Baca Juga: Tiga Indeks Utama Wall Street Melonjak Lebih dari 2% pada Selasa (4/10)
Nah, dengan adanya ekspektasi suku bunga the Fed naik lagi, otomatis yield obligasi akan ikut naik. Reza bilang, imbal hasil obligasi pemerintah bisa memberikan di 7%-7,5% dan obligasi korporasi 6%-9%.
Secara kinerja, obligasi korporasi mencatat rata-rata kinerja tertinggi yaitu 9,7% per tahun. Kinerja obligasi korporasi ini mengalahkan kinerja obligasi pemerintah yakni Surat Berharga Negara (SBN) yang rata-rata 5,9% per tahun dan lebih seksi dari kinerja Indeks Harga Saham Gabungan (IHSG) yang hanya 5,4% per tahun.
"Adapun sepanjang tahun 2022 berjalan (year to date), obligasi korporasi mencatatkan kinerja 4,52%," ungkapnya.
Baca Juga: Pemerintah Mengerem Penerbitan SBN Tahun Ini
Berbeda halnya dengan kondisi ekonomi pada masa Covid ketika ada potensi gagal bayar yang lebih tinggi, saat ini risiko obligasi korporasi menciut karena ada kegiatan usaha dan ekonomi terus berjalan. Risiko yang dihadapi saat ini lebih pada risiko pasar atau potensi kerugian (capital loss) bagi investor akibat faktor-faktor yang mempengaruhi kinerja keseluruhan dari pasar keuangan, antara lain perubahan suku bunga, perubahan fundamental ekonomi, dan kondisi politik yang tidak stabil.

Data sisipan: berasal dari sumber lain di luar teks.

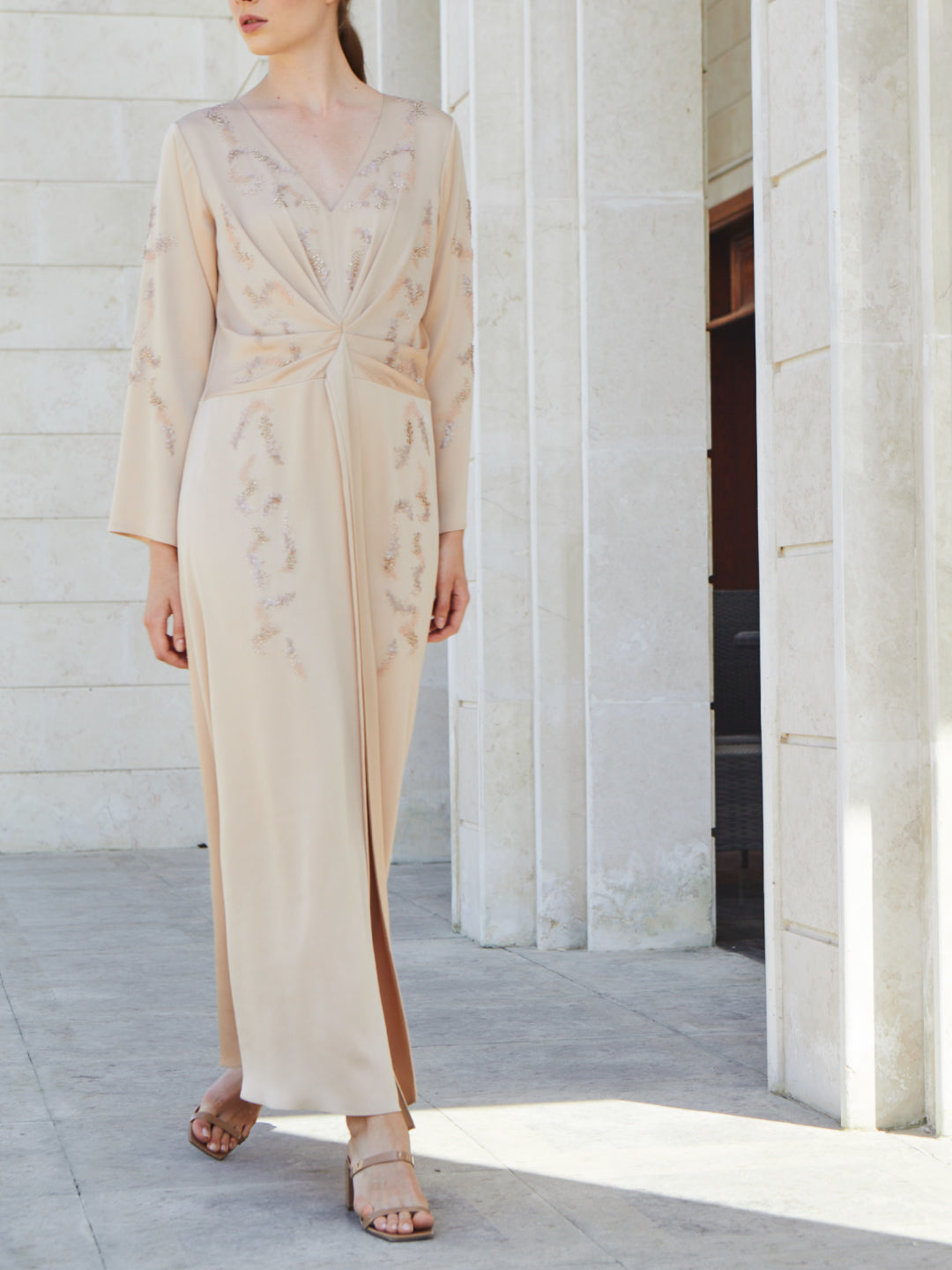 A long kaftan with knot detail on the waist with signature embroidery

Reza menyarankan investor untuk mengurangi risiko fluktuasi atas perubahan tingkat suku bunga. Pilihan terbaik untuk memitigasi fluktuasi tersebut adalah dengan memperpendek durasi yakni switching dari tenor panjang ke tenor pendek.
Vice President Infovesta Utama Wawan Hendrayana menambahkan, bank sentral Amerika Serikat setidaknya bakal menaikkan suku bunga satu kali lagi sebelum tutup tahun 2022. Hal tersebut mengingat inflasi di AS masih lebih tinggi daripada suku bunganya.
Baca Juga: Dana Asing di SUN Berkurang, Ini Efeknya
Dampak suku bunga naik untuk meredam inflasi diproyeksikan baru terlihat paling cepat akhir tahun ini atau tahun depan. The Fed diprediksi baru akan mengerem suku bunga di tahun depan.
Wawan menjelaskan, rata-rata yield Surat Utang Negara (SUN) sekitar 7%. Peringkat obligasi single A sudah sekitar 8%-9%. Obligasi dengan rating BBB bahkan sudah double digit di atas 10%.
"Jadi memang secara yield rata-rata sudah 2 atau 3 kali di atas deposito," papar Wawan.
Adapun harga SUN tengah turun karena suku bunga naik. Namun semuanya kembali lagi pada time frame obligasi. Sepanjang time frame sekitar 2-3 tahun, maka dinilai tidak masalah.
Baca Juga: OJK Berharap Investor Pasar Modal Capai 10 Juta SID di Akhir 2022
"Untuk kebutuhan dalam waktu dekat maka lebih baik pegang obligasi SUN yang jangka pendek sehingga lebih aman dari penurunan harga. Lebih aman karena turunnya harga lebih kecil dibandingkan jangka panjang," imbuh Wawan.
Wawan mengungkapkan, baik obligasi pemerintah ataupun obligasi yang diterbitkan korporasi punya risiko tersendiri. SUN lebih aman dari sisi gagal bayar karena ketentuannya diatur dalam Undang-undang. Namun, dari sisi likuiditas bakal tercipta volatilitas harga. Sebab, SUN ramai diperdagangkan dengan banyak dana asing keluar masuk.
Sedangkan, risiko obligasi korporasi adalah kasus gagal bayar jika emiten tidak sanggup bayar sehingga menyeret ke proses Penundaan Kewajiban Pembayaran Utang (PKPU). Namun, kejadian tersebut minim ditemukan karena pemulihan ekonomi yang berdampak pada arus kas positif emiten.
Dari sisi harga, obligasi korporasi bisa lebih stabil karena jarang diperdagangkan. Kurangnya likuiditas obligasi korporasi ini lebih cocok untuk investor yang berniat memegang obligasi hingga jatuh tempo.